В нём он описывает сложившуюся ситуацию, упоминает о ложных слухах, говорит о презрении к Васильчикову.

Приведём небольшой, но примечательный отрывок:

«…Я нашёл более забавным презреть эту милость, чем получить её.
Меня забавляло выказывать моё презрение людям, которые всех презирают…»
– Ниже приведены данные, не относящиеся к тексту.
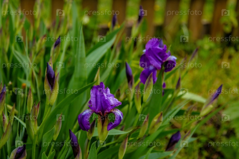 Красивые цветы ириса в саду у забора дома. Фиолетовый цветок

Известно, что письмо Щербатовой было перехвачено властями. Либеральным утопиям пришёл конец, в Европе под покровительством Священного союза процветала реакция. На этом военная и государственная карьера перспективного молодого человека обрывается, начинается новая страница в жизни Чаадаева, уже с другими взлётами и падениями.

От дендизма к декабризму

Все современники Чаадаева, вспоминая о нём, сходятся в одном — Пётр Яковлевич был необычайной внешности и умел утончённо одеваться. Он был настоящим денди в эпоху, когда за костюмом и манерами скрывался недоступный для глаз смысл, а дендизм имел окраску романтического бунтарства. Своим костюмом Чаадаев высказывал протест светскому обществу, презрение его правилам поведения, свою отстранённость и индивидуальность. Экстравагантность его поведения заключалась в том, что он одевался и вёл себя не как все. Вместо пышных дорогих нарядов — простой, но утончённый костюм. Вместо праздного времяпрепровождения в обществе — отстранённое наблюдение. Современник философа говорил о нём:

«…от остальных людей отличался необыкновенной нравственно-духовной возбудительностью…
Его разговор и даже одно его присутствие, действовали на других, как действует шпора на благородную лошадь. При нём как-то нельзя, неловко было отдаваться ежедневной пошлости. При его появлении всякий как-то невольно нравственно и умственно осматривался, прибирался и охорашивался»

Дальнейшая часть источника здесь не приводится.